Avg Disk sec/Read and Write
These counters tell in average how many seconds it takes to perform either read or write operation. These values are displayed in milliseconds, so value of 0.010 would be 10 milliseconds. The value I want to see here depends quite a lot of the storage system, for database servers I want these to be as low as possible, around 10ms or less.
Network Bytes Sent and Received
Again quite obvious counter, this is the amount of data your sending or receiving from the network.
The Nameless Ones
There are fewer counters scarier than these three, at least from my perspective. If these have anything but zero values, something is wrong!

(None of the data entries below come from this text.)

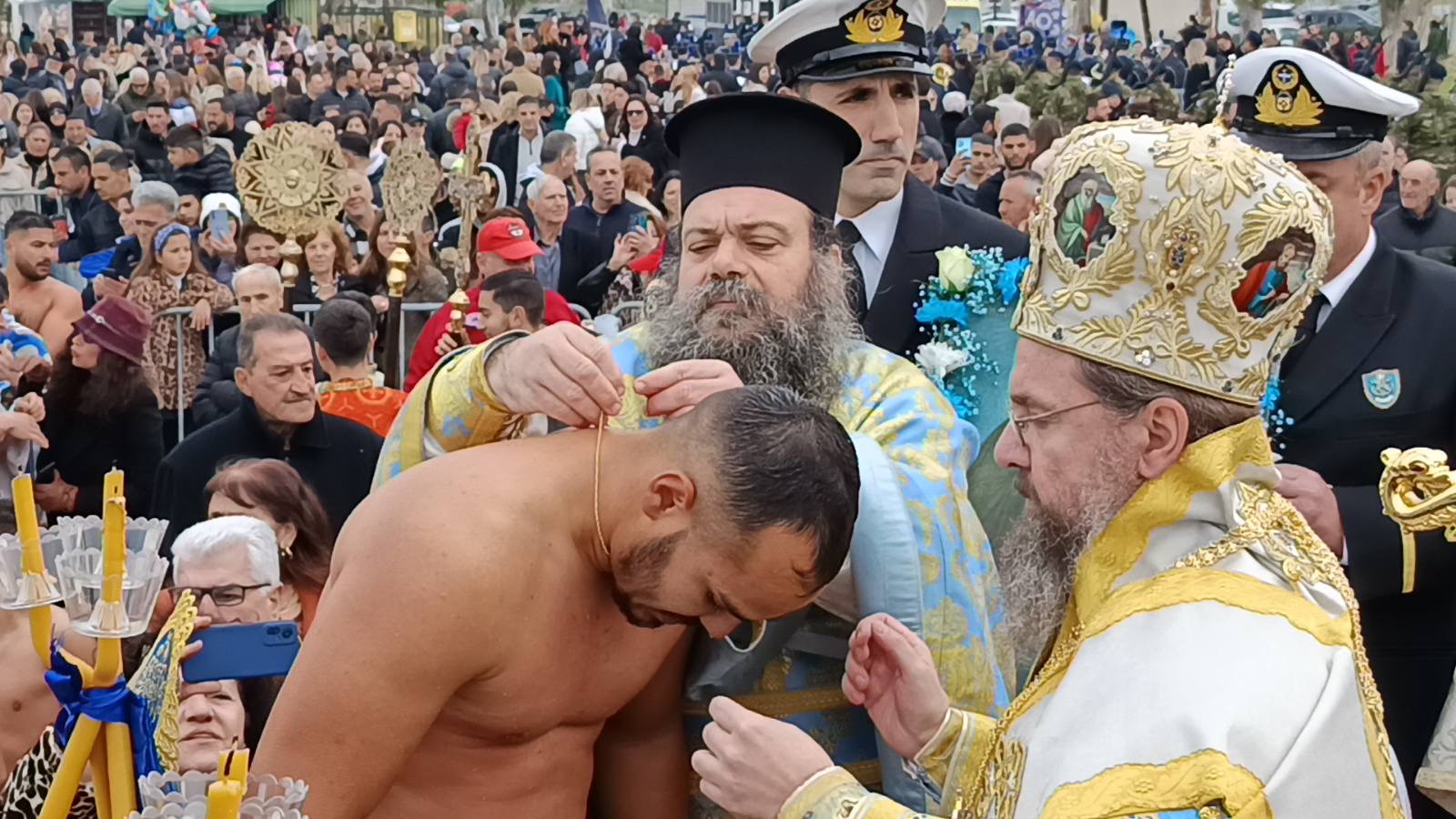Ακολουθώντας το πατροπαράδοτο έθιμο, πολλοί πιστοί προσπάθησαν να πιάσουν τον Σταυρό βουτώντας στα κρύα νερά της θάλασσας, με τον νεαρό Αναστάσιο Αριστόπουλο να το καταφέρνει και να λαμβάνει την ευλογία του Μητροπολίτη κ.κ. Δαμασκηνού.
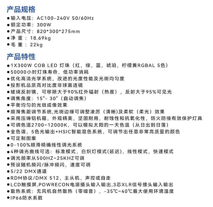 可以模擬太陽的一天色溫(從日出到日落)全色譜,5色光輸出+HSIC智能混色系統;
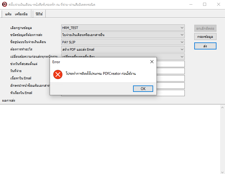 กรณีที่ 1 ส่ง E-Payslip และโปรแกรมแจ้งว่า โปรดทำการติดตั้งโปรแกรม PDFCreator ก่อนใช้งาน
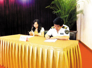 市食药监局负责人与餐厅负责人签订食品安全责任书。
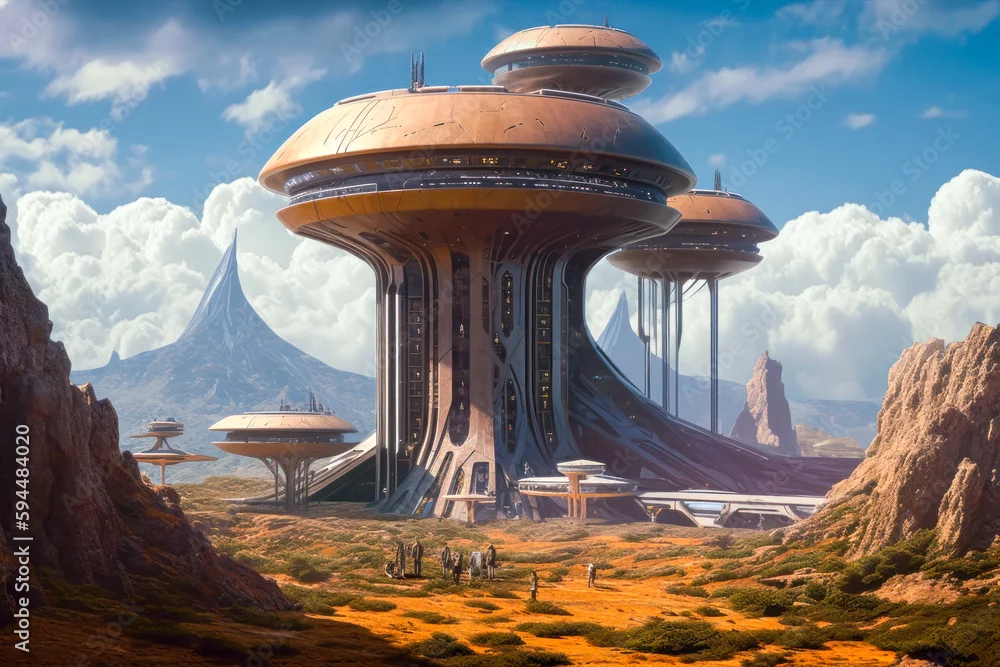 Vintage pulp sci fi art, geometric science fiction futuristic architecture, exterior building design, concept art. Generative AI
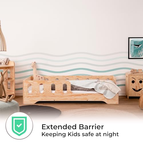 Smartwood Letto bambini 100 x 180 TILA 1P - letto montessori bambini con ringhiera - diverse opzioni di aspetto - lettino bambino singolo 180x100 - legno naturale
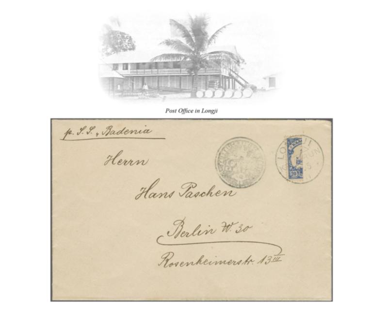 Longji Emergency Issue 1911: Kaiser's Yacht, 20 pf. ultramarine, vertical bisect, used on cover, from Longji to Berlin, dated 19 May 1911, tied by an upright strike of the "LONGJI / KAMERUN" circular datestamp in black, with "KAISERLICH DEUTSCHE POST / LONGJI / TOGO" circular intaglio seal alongside
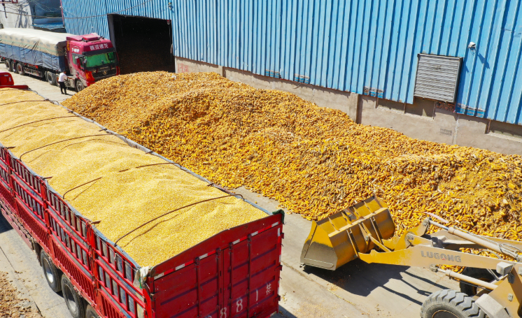 在位于建安区陈曹乡双庙村的许昌市郝东现代农业有限公司,工作人员在收储玉米(无人机照片)。许昌日报全媒体记者 牛书培 摄

- Network Interface: Output Queue Length
- System: Processor Queue Length
- SQL Server, Memory Manager: Memory Grants Pending
Network Output Queue Length
This counter shows the number of packages that are waiting to go out, basically if there’s non-zero value here there’s a bottleneck.
Processor Queue Length
Pretty much the same than before, but now for the processor. This is the number of threads waiting to get executed, any non-zero value here means that you probably have a processor bottleneck.
Memory Grants Pending
When you have bit more complex queries that do various things like JOINs and require bit more space to hold the results, they need a memory grant from the SQL Server. This counter is used for monitoring how many of such requests you have in queue. If you have queries waiting for memory grants, they’re not obviously getting executed before they get it. Usually the value in this counter should be 0 or at maximum 1. Anything higher and you’re probably witnessing queries that generate execution plans that are asking for ridiculous memory grants or memory pressure in the system.
And that wraps up my favorite set of PerfMon counters. While I do have a plenty of metrics I look at, not nearly everything in this list is something I would get alerted about. But the topic of monitoring and alerting is something I will leave to a future post. Thanks for reading and happy New Year!